Studienpreis Holzwerkstoffforschung

Masterarbeit geehrt

Freuen sich mit der Preisträgerin Dorothee Niehaus (2.v.l.): Professor Dr. Steffen Tobisch vom Institut für Holztechnologie ihd (l.), Dipl.-Ing. Hubertus Flötotto, Vorsitzender des Fördervereins Holzwerkstoff- und Holzleimforschung e. V. (mit Scheck), sowie Harald Schwab vom Fraunhofer-Institut für Holzforschung WKI (r.). Foto: Koelnmesse / Harald Fleissner

Den Rahmen des inzwischen 6. Innovationsworkshops Holzwerkstoffe nutzte der Förderverein Holzwerkstoff- und Holzleimforschung erneut, um den so genannten KAV-Preis 2017 zu vergeben. Preisträgerin ist Dorothee Niehaus, die in ihrer Masterarbeit die Methode des Vakuuminfusionsverfahrens auf die Herstellung von Laminaten übertrug und so weiterentwickelte, dass auf diese Weise zwei Prozessschritte – die Trocknung der Furniere im Vakuum auf der einen Seite sowie die Herstellung des Laminats auf der anderen Seite – in einem Arbeitsschritt zusammengefasst werden können.

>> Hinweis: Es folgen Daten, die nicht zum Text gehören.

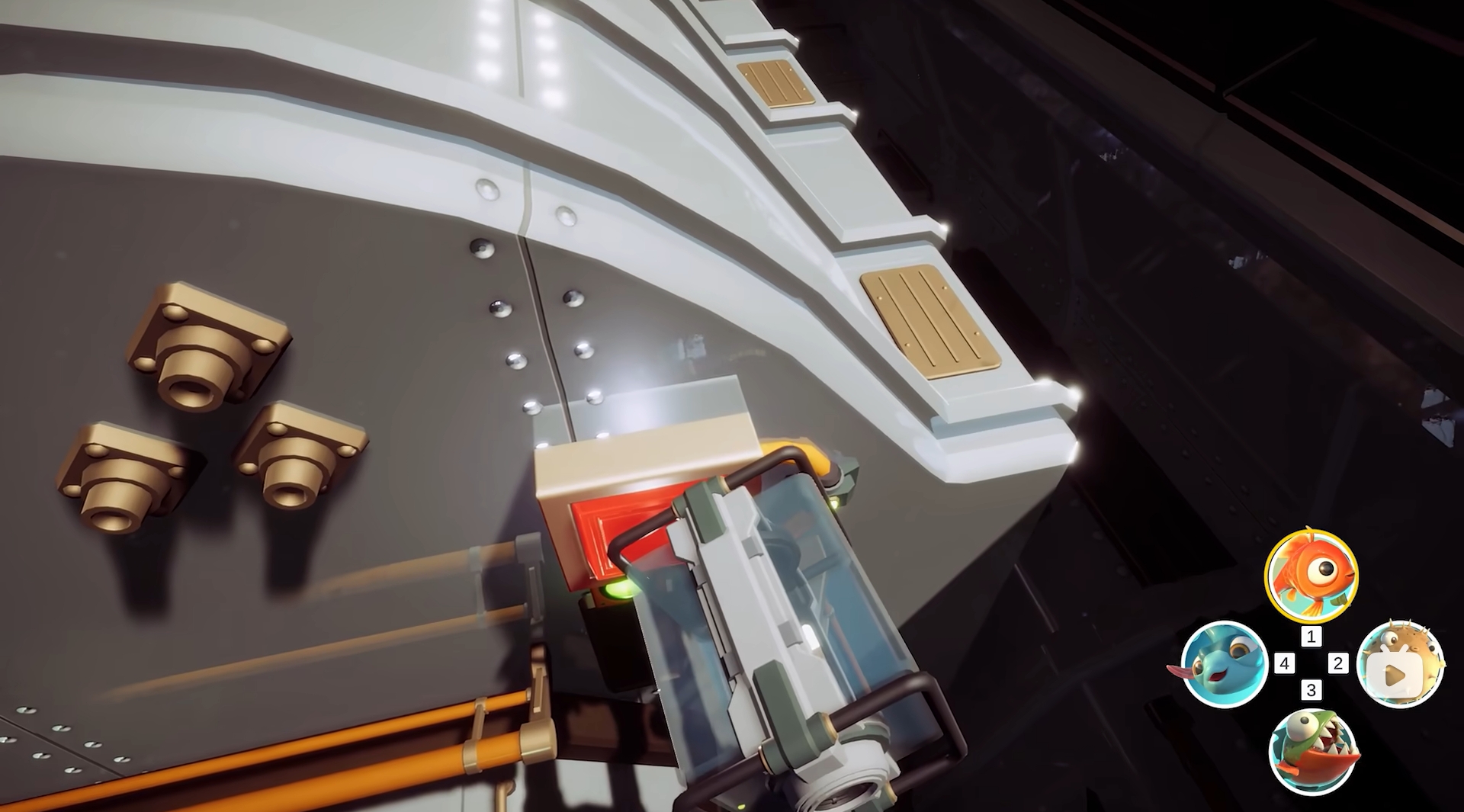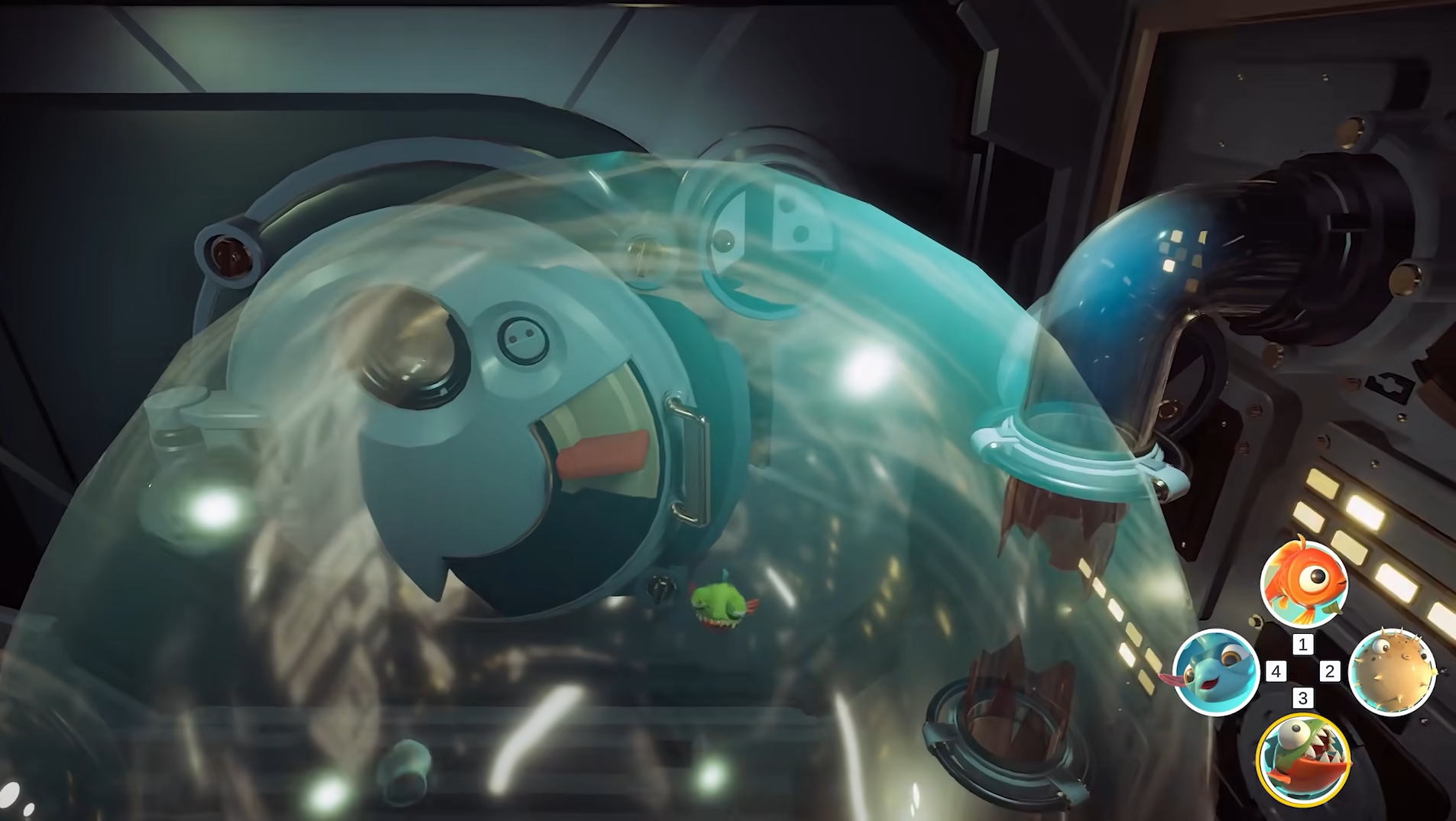 失重舱只有少部分地方存在漂浮着的水球,若是在移动时离开水球太久就会死亡,需格外注意。来到失重舱后,继续控制食人鱼朝下方小鲤鱼所在的水球处移动,咬开限制机关,然后转为控制小鲤鱼。小鲤鱼会与自己的水箱一起移动,不用担心缺水问题,玩家可让它朝着失重舱的尽头走,并利用水箱撞开沿途的水管,让更多的水球能充满整个失重舱,方便其它小鱼进行移动,完成后切换成食人鱼,过来拉开失重舱门的开关,然后再换成小鲤鱼去新区域探路,沿途撞破水管,待来到尽头后让所有小鱼都过来,接着切换成河豚穿过前往的小通道来到新区域,并让小鱼儿们在新存档点完成集合。

Dipl.-Ing. Hubertus Flötotto übergab als Vorsitzender des Vereins den mit 1.500 Euro dotierten Preis an die Nachwuchswissenschaftlerin, die ihre Arbeit am Fraunhofer-Institut für Holzforschung WKI in Braunschweig durchführte.

Professor Dr. Steffen Tobisch vom Institut für Holztechnologie ihd aus Dresden sprach als Vertreter des Preiskomitees die Laudatio für Frau Niehaus. Zur Jury, die sich die Auswahl unter den zahlreichen guten, eingereichten Abschlussarbeiten nicht einfach machte, gehörte neben Tobisch auch Professor Dr. Kasal, Fraunhofer-Institut für Holzforschung WKI, sowie Dr. Alfred Pfemeter, Sonae Arauco, als Industrievertreter.

Vakuumtrocknung und Laminatherstellung in einem Schritt

In ihrer Masterarbeit entwickelte Niehaus einen Versuchsaufbau, der zwei Prozessschritte bei der Laminatherstellung in einem zusammenfasst. Dabei trocknete die Bauingenieurin zuerst die feuchten Holzfurniere im Vakuum und verklebte sie daraufhin mit Epoxidharz zu Laminaten.

Konkret legte sie während des Prozesses die noch flexiblen Furniere mit verstärkenden Glasfasern in eine beheizbare Form und verschloss diese mit verschiedenen Vliesen und Geweben luftdicht. Die Forscherin nutzte Unterdruck, um die Furniere zu trocken und das Harz in die beheizbare Form zu ziehen. Durch die spätere thermische Aushärtung des Harzes werden anschließend die Glasfasern mit den nun trockenen Furnieren zu Halbzeugen verklebt. Sie stellte sowohl planare, als auch dreidimensional geformte Laminate her. Mechanische Prüfverfahren, wie Zug-, Biege-, Zugscher- und Schlagzähigkeitsprüfungen nutzte Frau Niehaus, um die erzielte Verklebungsqualität zu überprüfen und zu optimieren.

Professor Tobisch lobte in seiner Laudatio insbesondere den ingenieurwissenschaftlichen Ansatz, mit dem Frau Niehaus selbständig und im Austausch mit den Kollegen am Fraunhofer WKI die Technologie der Vakuuminfusion auf dreidimensionale Strukturen anpasste. Darüber hinaus betrachtete Niehaus auch die Wirtschaftlichkeit des optimierten Verfahrens, um Herstellern von Formteilen die bessere Abwägung der Chancen und Risiken für eine industrielle Umsetzung zu erleichtern.